Of the many approaches enterprise software vendors are taking today, Honeywell’s Connected Warehouse platform strategy and use of AI and machine learning are noteworthy. It leads the EPM platform market in using advanced ML techniques and constraint modeling to identify warehouse and logistics bottlenecks. 

AI and ML are designed into the foundation of Honeywell’s Forge platform and portfolio of products. The company has more than 150 AI and data science experts on staff, concentrating on the Honeywell Forge roadmap, future innovations and new patent opportunities. 
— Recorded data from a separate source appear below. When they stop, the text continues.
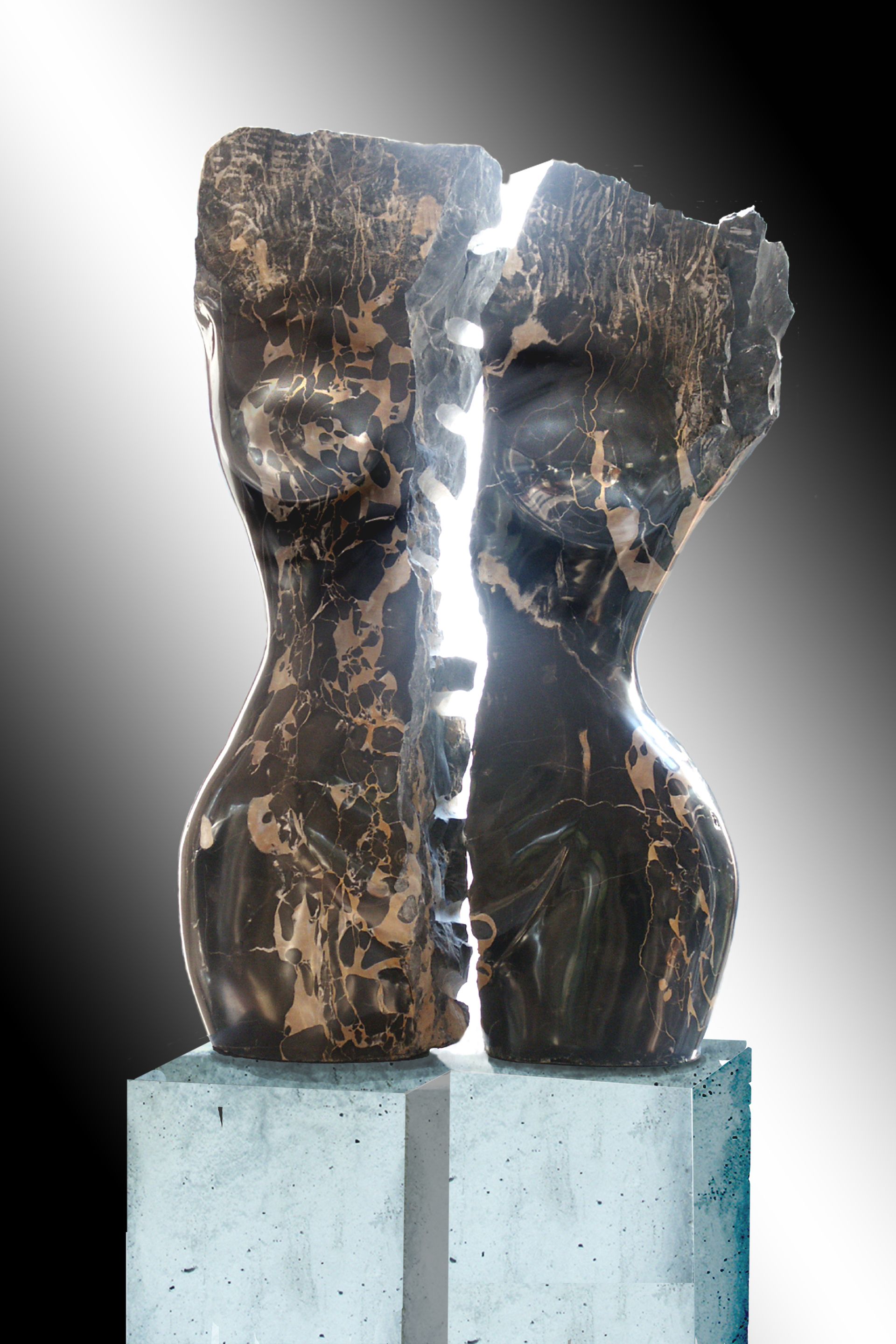 Ik heb 25 jaar elk jaar 6 weken in Italiaanse studio`s gewerkt waar ik mijn beelden grof uit de steen vorm gegeven heb en daarna verder thuis heb afgewerkt.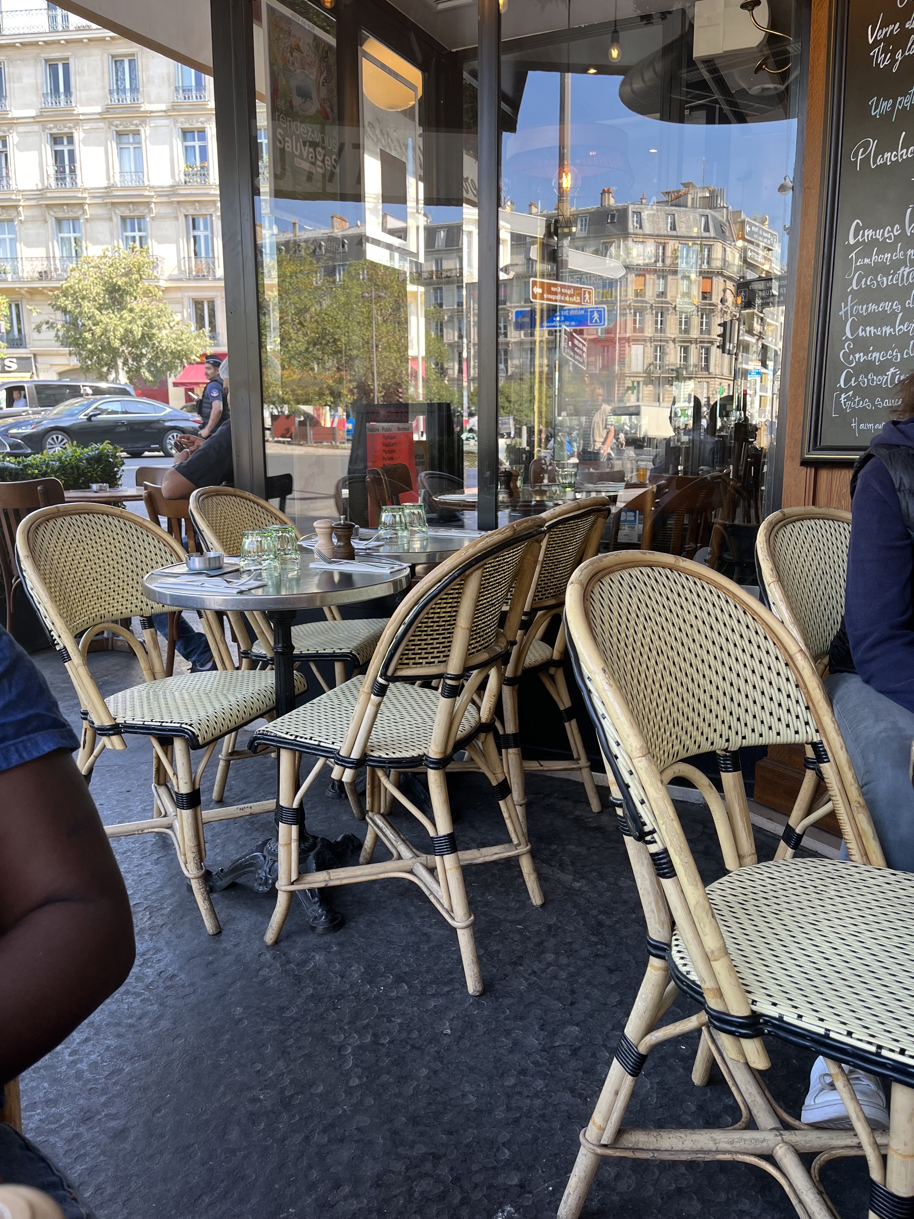 Une brasserie parisienne avec une véranda au soleil au déjeuner et très agréable Sur cette place passagère, l’endroit peut être utile pour un service rapide. La nourriture y est standard. Pas de remarque particulière. L’accueil agréable.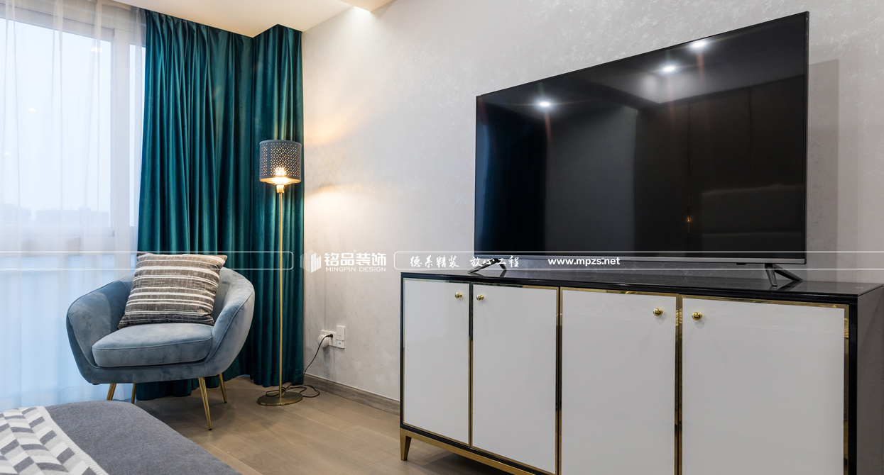 在設(shè)計(jì)上充分考慮其空間的局限性,選擇靈巧又不失穩(wěn)重的家具體量造型,為追求簡潔利落的視覺效果,在飾品上遵循少而精的原則,局部點(diǎn)綴,讓整件作品富有生命力。

All these AI and ML investments translate into continual improvement in providing real-time insights and contextual intelligence that improves warehouse and supply chain performance. The goal is to provide distribution businesses with a real-time system of record they can use to identify gaps in warehouse performance and better manage machinery and assets, said Jain.   

Honeywell’s Connected Warehouse uses ML to analyze real-time data and make recommendations based on constraints while monitoring machinery to see how its performance can be optimized. The dashboard below combines real-time updates for outbound operations, tracking current progress on packed and shipped cartons against the plan. 

Real-time data, analyzed using analytics and ML algorithms, keeps the dashboard current. Constraint-based ML algorithms also calculate planned performance in real time and are used for tracking asset downtime. In addition, Honeywell recently introduced an APM that predicts when warehouse machinery needs preventative maintenance and updates. 

Honeywell’s Connected Warehouse platform relies on AI and ML to analyze and interpret real-time warehouse data, including machinery performance, so potential bottlenecks can be identified before they affect operations.

Anticipate more supply chain disruptions 

Stress-testing supply chains needs to start in the warehouse, where small process improvements made at scale can make a difference in keeping distribution centers and networks running efficiently. What’s been missing is a 360-degree view of warehouse performance that can identify how fast bottlenecks are growing and their financial impact. Combining AI, ML, and real-time OT and IT data, cloud-based EPM platforms are taking on this challenge. 

It’s a certainty that more supply chain disruptions are on their way. Using AI and machine learning to optimize warehouse operations will help absorb those shocks. AI- and ML-based warehouse management is a necessity today for high-velocity distribution businesses, including ecommerce, retail, grocery, and post and parcel, to reduce the impact of supply chain disruptions.